We'd never have figured that out without you


----------



## MeBelle (Sep 28, 2013)

RDD_1210 said:


> MeBelle60 said:
> 
> 
> > RDD_1210 said:
> ...



Several years ago I had HD plans for a family of four.
Yearly premium was almost $600. 
I didn't have an issue paying cash for a Dr appt or a mammogram.
I certainly didn't run myself to the ER to get 'free' care.
I planned for the possibility of catastrophic episodes and needing to pay the HD.

The point is, this is what I chose for my family.
Can't find that choice now.


----------



## Zoom-boing (Sep 28, 2013)

Can someone tell me why a 55 year old male, who has had their individual catastrophic policy cancelled due to the ACA, now has to pay for the following coverage:

Maternity and newborn care
Pediatric services, including oral and vision care

????


----------



## RDD_1210 (Sep 28, 2013)

MeBelle60 said:


> RDD_1210 said:
> 
> 
> > MeBelle60 said:
> ...



How does any of that change now?

How much will a similar plan cost your family now? Have you priced it out yet?


----------



## francoHFW (Sep 28, 2013)

This also provides free annual check ups. Important.

6k cap is a lot better than much more and bankruptcy, loss of assets...

Also guaranteed, no cut offs.


----------



## Antares (Sep 28, 2013)

RDD_1210 said:


> Roo said:
> 
> 
> > RDD....you can run but it reveals how weak you are.
> ...



Fuck off you liar, she never existed...you are simply trying to hide behind your lie.
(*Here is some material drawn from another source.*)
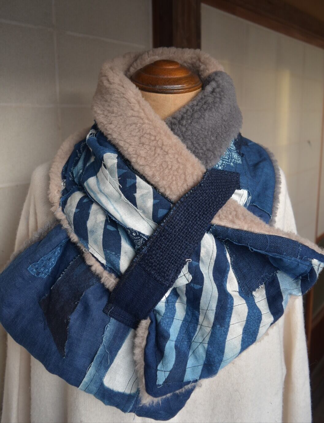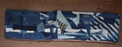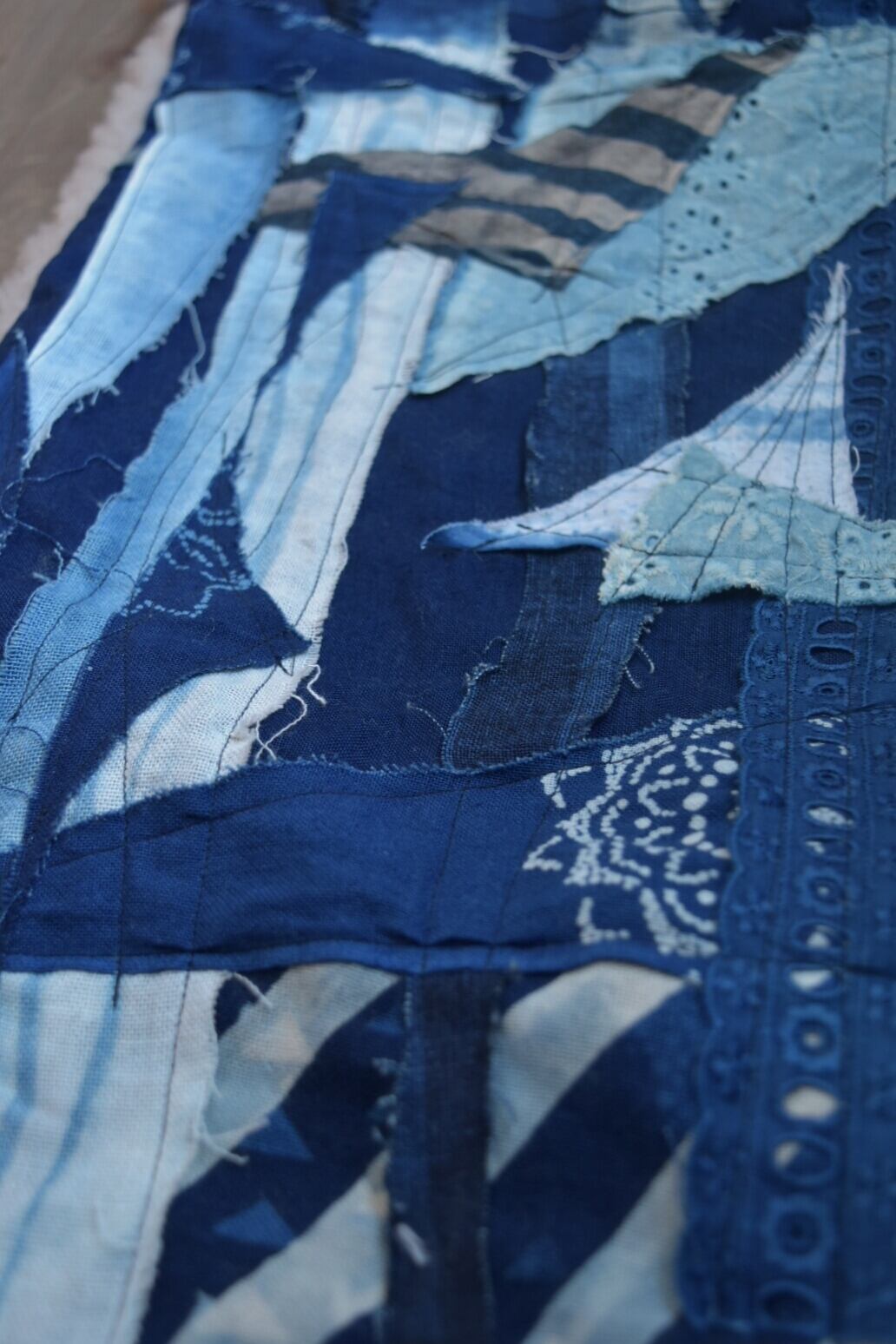 表地には、リネン生地をベースに藍染のかけら達をパッチワークしました○

You don't know shit about HC and if you persist I will continue to beat the shit out of you with this shit.


----------



## RDD_1210 (Sep 28, 2013)

It's one thing to disagree in politics. It's another to behave in the manner that Roo is behaving. My wife was a wonderful woman who I miss every day. I hesitantly mentioned her but I wanted you to know that I am debating from a point of view that is based on real experiences.  I don't need to justify or prove anything about her and the fact that you felt the need to take our debate to the level of questioning something like that. Well that's enough for me. 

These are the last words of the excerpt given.